Ray didn’t back a civilian review board during his tenure as mayor or during his previous 10 years as a city councilor.
And he didn’t push for one after he left office in 2002 to run the Worcester Housing Authority.
There, according to the complaints of many Great Brook Valley residents, Ray used the Worcester police to carry out no-knock warrants to enter their homes on the guise that he was rousing drug dealers and non-tenants.
Not surprisingly, Ray won fame and recognition for “cleaning up public housing.” Politicians often get rewarded for upholding the country’s 400-years practice of squashing the civil rights of black and brown people to protect white privilege.
The fact is, one doesn’t become and remain a Worcester city manager, mayor and city councilor by pushing police reforms.
City leaders may frame it any way they want, but the reality remains that the city uses its police force primarily to protect and serve white privilege, both in the community and in our schools.
That’s why in the wake of Hernandez’ death in 1993, city leaders rebuffed calls for a civilian overview board.
That’s why police presence is increasing in our schools.
That’s why the city council pushed back against local Black Lives Matter activists in 2015 by passing a resolution supporting the police.
That’s why that same year, City Manager Ed Augustus pushed the prosecution of four Black Lives Matter members after they refused to bow to conditions that would have deprived them of their rights to peacefully protest and assembly.
That is why at Tuesday’s council meeting, members not only dismissed calls to defund the police department but voted unanimously to increase its funding by $254,320 at a time when the School Department is laying off over 100 teachers.
Yes, city leaders swore Tuesday night that they believe black lives matter, but I’m unconvinced.
Gary Rosen shouted his support of “our seniors, who built this city, who live here, who love the city, who pay taxes…”
“There isn’t one (of them) who would say defund the police,” he said.
“They count too.”
Yes, they do. But this moment is not about seniors. It is about black and brown people systematically being killed by the police.
Bringing up seniors Tuesday night was another way of saying black lives don’t matter.
City Councilor Moe Bergman said he didn’t believe in punishing Worcester police for things police have done elsewhere. He said the WPD fields few complaints.

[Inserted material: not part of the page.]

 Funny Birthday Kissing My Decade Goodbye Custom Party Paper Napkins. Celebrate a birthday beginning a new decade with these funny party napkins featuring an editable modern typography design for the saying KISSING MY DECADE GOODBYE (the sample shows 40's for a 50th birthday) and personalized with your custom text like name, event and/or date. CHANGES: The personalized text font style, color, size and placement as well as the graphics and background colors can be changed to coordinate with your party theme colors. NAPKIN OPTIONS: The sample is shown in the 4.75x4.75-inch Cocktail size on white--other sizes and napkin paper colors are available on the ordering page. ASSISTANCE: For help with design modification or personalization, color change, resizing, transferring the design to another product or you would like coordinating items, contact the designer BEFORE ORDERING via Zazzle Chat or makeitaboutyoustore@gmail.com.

Moe may have missed the flood of police complaints that ran through the race dialogues the city and the Department of Justice held in 2015.
He must not be aware of the millions of dollars the city has spent over the years to settle police brutality cases.
In her statements, Councilor Candy Mero-Carlson seems to equate equal rights and justice for black people with fighting crime and school violence.
She seems to view a decrease in the city’s murder rate and school violence over the last five years as proof that the police values black lives.
Why else would she bring up such statistics in a conversation about police killing black people?
Councilor Khrystian King spoke at length about how black lives matter but opted to put off all talk about the police for another day, and I thought, “wow. If not today, when?”
City Councilors Sarai Rivera and Sean Rose both spoke passionately about their own experiences being targets of racism, but made it clear they didn’t believe in defunding the police.
I don’t need to bring up the statements of Councilor-in-Charge of safeguarding police from accountability, Kate Toomey, or of any other city councilor to make my case.
Yes, they all say black lives matter, but how can that be when Worcester doesn’t have a civilian review board or a body camera program.
How can they say black lives matter, when they allow SWAT teams to serve no-knock drug warrants in black and brown neighborhoods, when they pay off victims of police brutality without accepting responsibility for the officers’ misconduct and when they continue to fund the WPD at the expense of black and brown residents?
I began this piece by picking on Ray Mariano, but he is not exceptional.
Ray is every Worcester Democrat who, when in power, moonlights as a Republican whenever the issue of police reform comes up.